Meta, the umbrella company of Facebook and Instagram, announced its new productive artificial intelligence model. Voicebox was designed to assist creators with its ability to perform speech creation tasks such as audio editing, sampling, and styling, although it was not specifically trained.
Meta says this new AI model will benefit many people around the world. He gives many examples, such as helping visually impaired people hear text messages from their friends in their own voices. It can also enable people to speak foreign languages with their own voices.

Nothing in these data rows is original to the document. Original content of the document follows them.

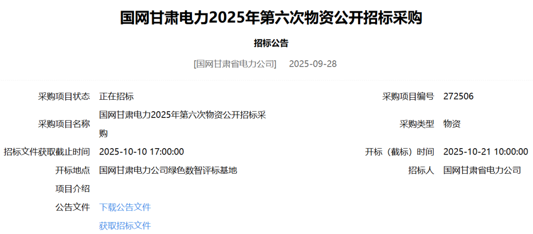 国网甘肃电力2025年第六次物资公开招标采购招标公告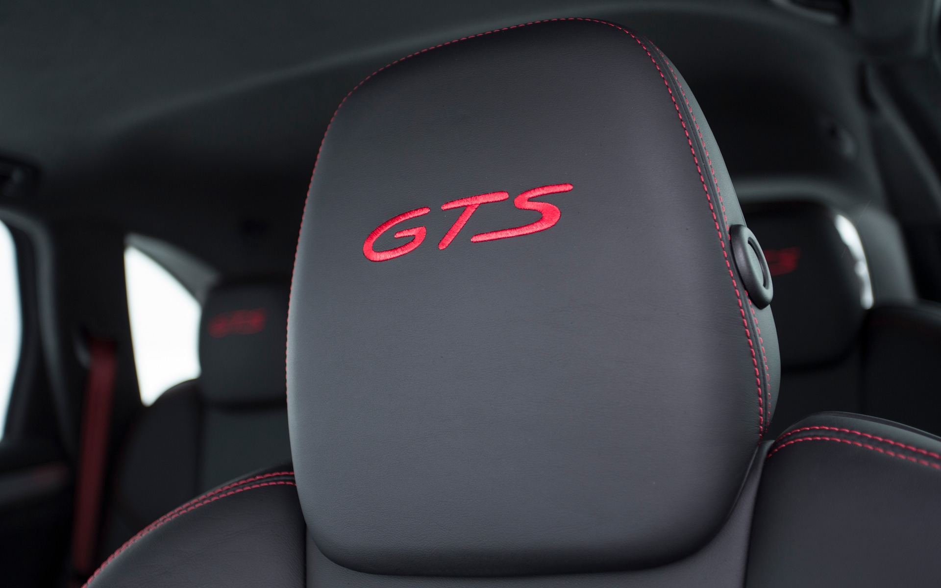Porsche Cayenne GTS 2016 - Surpiqûres en rouge et logo GTS sur les sièges.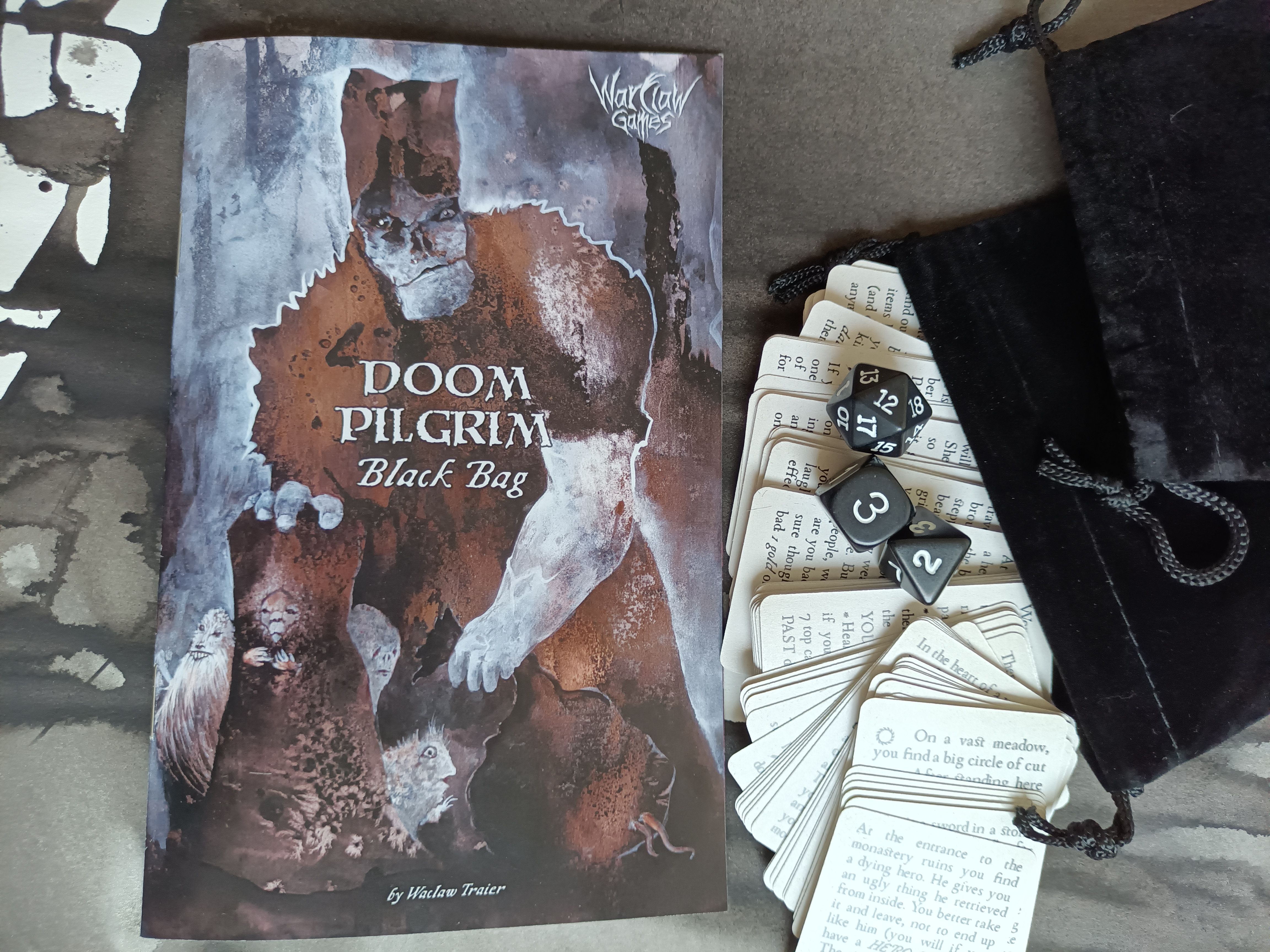 Descrizione: This is a supplement for the Doom Pilgrim and Doom Pilgrim Pocket card game, compatible also with all its current and future expansions. Black Bag brings 192 random events on mini-cards that are going to be drawn randomly from the included bag. Cards are double sided, text only. Illustrations are in the enclosed booklet which describes how to use these cards. The booklet also contains rules on how to use dice if you want to add them to your Doom Pilgrim (or Doom Pilgrim Pocket) adventure. We call this novelty the "DOOM PILGRIM Dice System". Dice you would need are also included. —description from the publisher

The AI model is capable of producing high-quality sound clips and is capable of editing pre-recorded sounds to eliminate unwanted noises such as car horns. Besides that, it can produce sounds in six languages while maintaining content and style. The model is also expected to give natural voices to visual assistants in the future, or to real non-player characters in games in the metaverse.
Meta compared Voicebox to other voice AI models on the market and specifically cited Vall-E and YourTTS as competitors. When comparing word error rates and style similarity, Voicebox is more advanced and outperforms both models.
Voicebox is built on Meta’s newest non-autoregressive generative model, a Flow Matching model that is capable of highly non-deterministic matching between text and speech. Voicebox has so far been trained using over 50,000 hours of recorded speech and transcripts from publicly available audiobooks in English, French, Spanish, German, Polish and Portuguese.
Meta will not make the artificial intelligence program available to everyone, nor will it share its source code.